Ideally, no one wants to operate out of fear. I maybe afraid of letting my team mates down, but what really motivates me is how much I love working with them for the vision we both share. The unsettling reality is that many hidden fears still play a big part even among people who get along well, and part of the real Work is to uncover and embrace these fears.
Our motivation is rarely that black and white. What the romantic notion of “Do what you love, and no single day will feel like work” misses is that while it maybe the work we think we love, in the experience of working itself, fear and love are inextricably entangled. Each motivates in its own way, which is why it is even more important to notice the subtle differences.

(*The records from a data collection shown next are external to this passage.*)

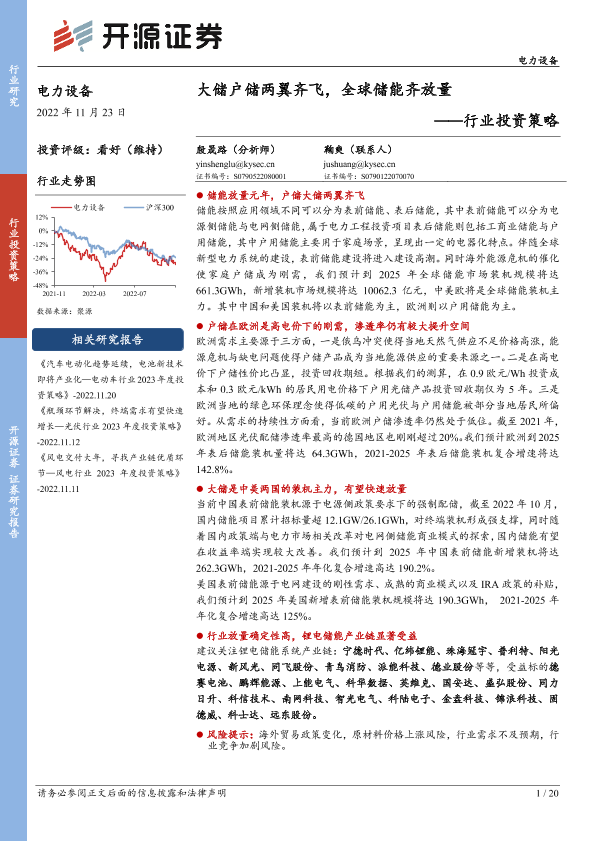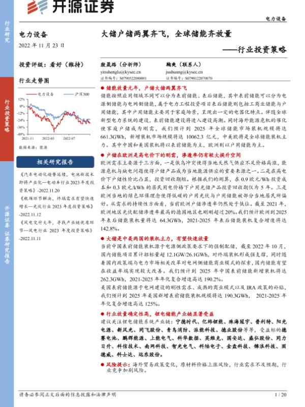 【开源证券】【20221123】电力设备行业投资策略:大储户储两翼齐飞,全球储能齐放量-20页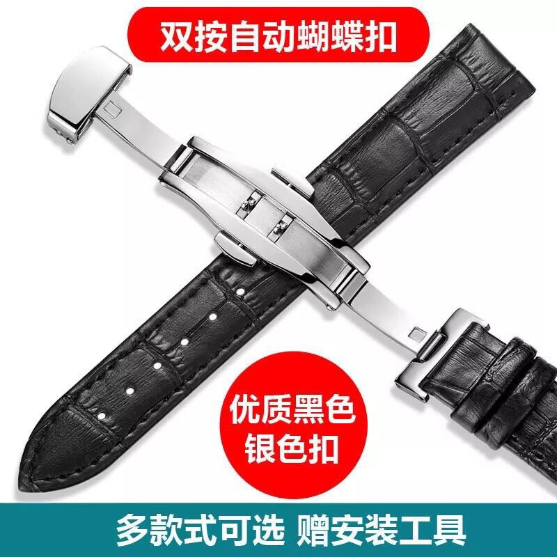岚立仕皮表带手表带男真皮表链女自动扣蝴蝶扣手链皮带配件小牛皮 黑带[亮色蝴蝶] 表口12mm寛度
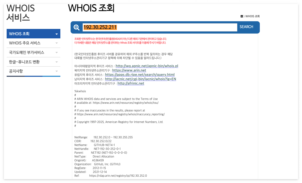 후이즈 도메인 검색에 IP 을 검색하면 호스트 정보가 나온다.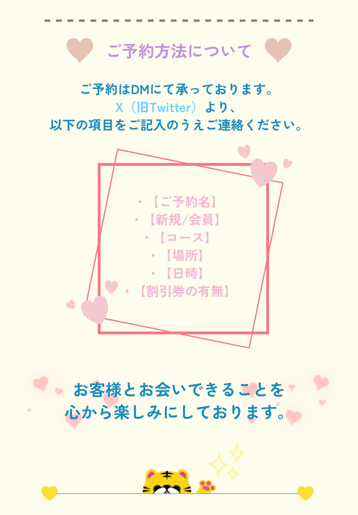 ご予約の際に、(ご利用日・セラピスト名・ハンドルネーム)を添えて「口コミ特典利用」とお伝えください。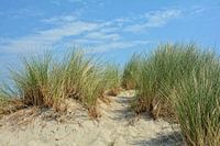 In de duinen aan de Noordzeekust op Zeeland in Nederland met strandgras en blauwe lucht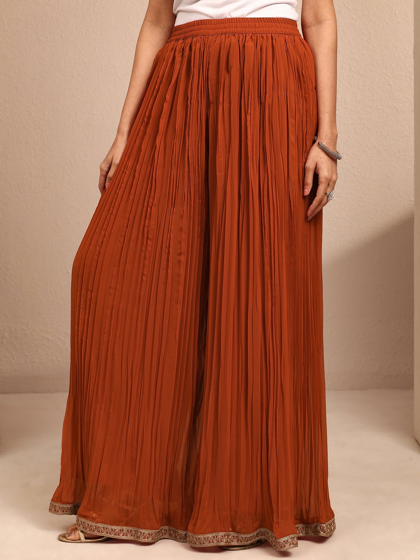 Our 3-piece rust georgette straight-fit kurta set features a V-neckline, regular sleeves, and statement yoke. Complemented with lining and palazzo pants with a partially elasticated waistband, and an embroidered dupatta. Adorned with floral embroidered, this style is perfect for dark festive occasions.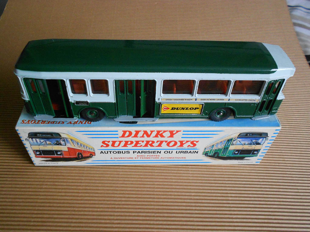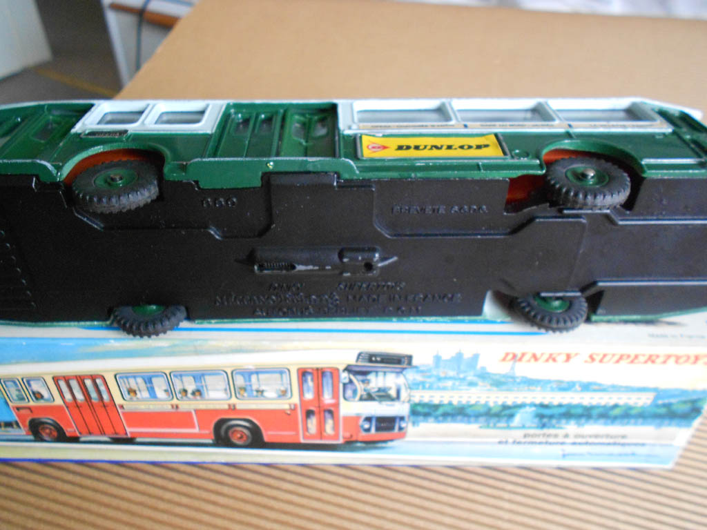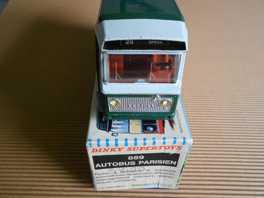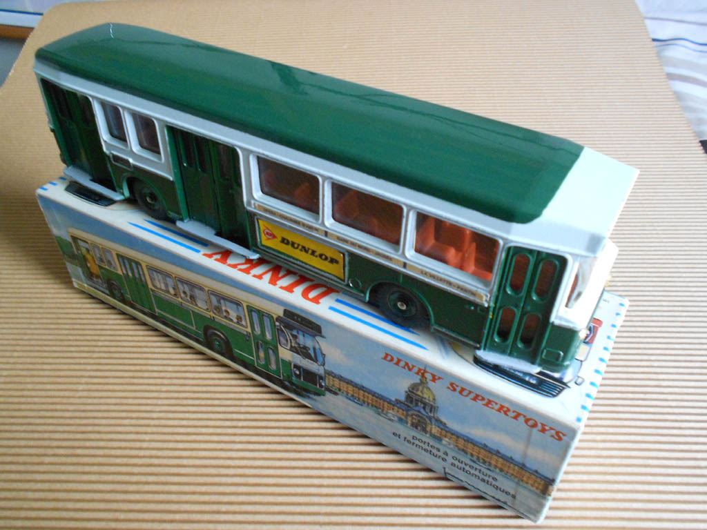 Trundling into the collection this week is a green 889 Autobus Parisien. There is a red version 889U Autobus Urbain, presumably suitable for towns other than Paris and supplied in the same dual purpose lidded picture box (the box end blurb may be different). Pulling back the front wheels closes the plastic doors and pressing down the back wheels opens them. Sort of. The door hinges are ultra fragile and the doors on this example are somewhat perished. Originally there was a sticker sheet of advertising panels which a previous owner has applied.

Whenever fear drives me to do something, I’d complete it feeling relieved but somehow cut off. “That was good, thank you, but enough. No more”. In a sense, fear uses up the irrenewable energy reservoir in me.
On the contrary, whenever I’m naturally motivated to complete something out of love, I would feel exhausted but at the same time exhilarated. It is as if a refreshing wind just swept through my inner landscape, leaving behind a few budding flowers.
Doing work with love doesn’t mean it is always easy. In fact, often love requires us to do the even harder work, but at least when it is the main animating force, the work always carries an unmistakable sense of beauty and awe. That experience of beauty is why “love what you do” comes before “do what you love”. When it comes to work, the How is more important than the What.
Unfortunately, it is way too easy to forget this element of love in our work because of the social and cultural conditioning about hard work, from the Puritan work ethics to deep belief like “No pain no gain” or more recently the rise of “grit”. Just look at how many successful famous people attribute their success to such qualities. I see that in myself too through the pride and bravado I feel in pushing through the struggles.
While discipline and determination are important, it’s only one side of the holistic coin of work. I think it matters much more as we do our work to remember the greater Love behind what we do. Without it, no matter how much willpower we can muster, we will find ourselves unnecessarily doubting our work and eventually burn out.
Work as a living being
The experience of doubting the work that I am supposed to love made me wonder: There must be something beyond choosing the right work, such as one that fits with our skills, aspirations and preferred environment. Something that goes much deeper than what we think is our checklist for the ideal job.
What if our work is an living entity too, in the sense that it has its own unique liveliness that continues to evolve side by side with us?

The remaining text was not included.